Try www.acrylicdisplaycases.co.uk

I've used these people and they are highly professional but not cheap. You get a ready made case to your own spec.


----------



## trawlercook

hi peter i have bought old fish tanks turn them upside down get a nice piece of wood paint it or stain it or you can even cover it in blue felt that you cover pool tables with.thats the cheapest quickest and very good results even if you have to replace a piece of glass.hope this helps
regards colin


----------



## Shipbuilder

The cheapest & best way is to make it yourself:


----------



## KevinR

I have built many museum-quality model ships, mostly around 4 ft. long (1/100 scale.) I get the perspex cases made by the local plastics factory - they fold the top corners round, then fit the ends, leaving an open bottom. This method avoids the (ugly?) wooden corner pieces which hide the joins of the conventional glass cases, the effect is very nice indeed. 
I then put the case onto a sheet of plywood and draw round the bottom.
This ply bottom is then cut out.
Go to your local picture frame shop and purchase some suitable picture framing material.
You now need a circular saw: - cut the groove in the framing of a size to accept the ply base, then join the sides and ends of the picture frame, to accept the ply base. Glue up the frame, then tack on the ply base.
Finally, cover the ply base in the material of choice.
I also usually have a 1" deep by 4" wide tongue left in the middle of each of the perspex end panels, these fit through slots in the base, and can be secured below by screws, so the perspex case is not removeable or knocked off accidentally. In fact, I can lift my models by gripping the case, as the case is so well secured and light. If access is required to the model, it is a simple matter of removing the screws from below.
Finally, any scratches can be removed by rubbing with Brasso.


----------



## Shipbuilder

I have been building models in display cases for a number of years now (click on Miniature Merchant Ships below for examples, or see FRAMLINGTON COURT case above) & although I do not enjoy the task of putting wooden edges to the display case corners, I find that that is what the people who buy my models want, as wood veneer adds a "touch of class" (their words not mine). I abandoned glass long ago because it was subject to breaking in transit. Also, I find perspex rather unsatisfactory, so use high quality 3mm acrylic sheet which is opticaly clearer than glass.
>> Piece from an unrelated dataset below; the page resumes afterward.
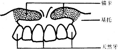 图31-12 分裂卡示意图 (5)锚卡。该卡环适用于牙槽嵴有明显倒凹而义齿难以就位者。当前牙区牙槽嵴或上颌结节区牙槽嵴过分突起时,可将牙槽嵴突起处基托去除,在其根方牙槽嵴倒凹区形成一锚状基托,即锚卡又称做指卡(图31-13)。

It would be interesting to find out what Marlinspike has decided upon after all this advice.


----------



## 6639

I must say, shipbuilder that the case you show is the most professional case I have seen and really looks very well. could you please send me a diagram by pm as to how you put them together, and what you use for constructing them. there must be an easier and more cost efective way of doing them other than the way |I do with solid mahogany frames, rebated and beaded. it is also very time consuming. thanks,neil.


----------



## Shipbuilder

Thanks for comments Neil. The cost of building a case like this is little more than the cost of the acrylic. I have replied with PM giving details of building of these cases. It takes about four hours altogether, but the cases are usually quite small. Same techniques can be used to build bigger cases.
Bob


----------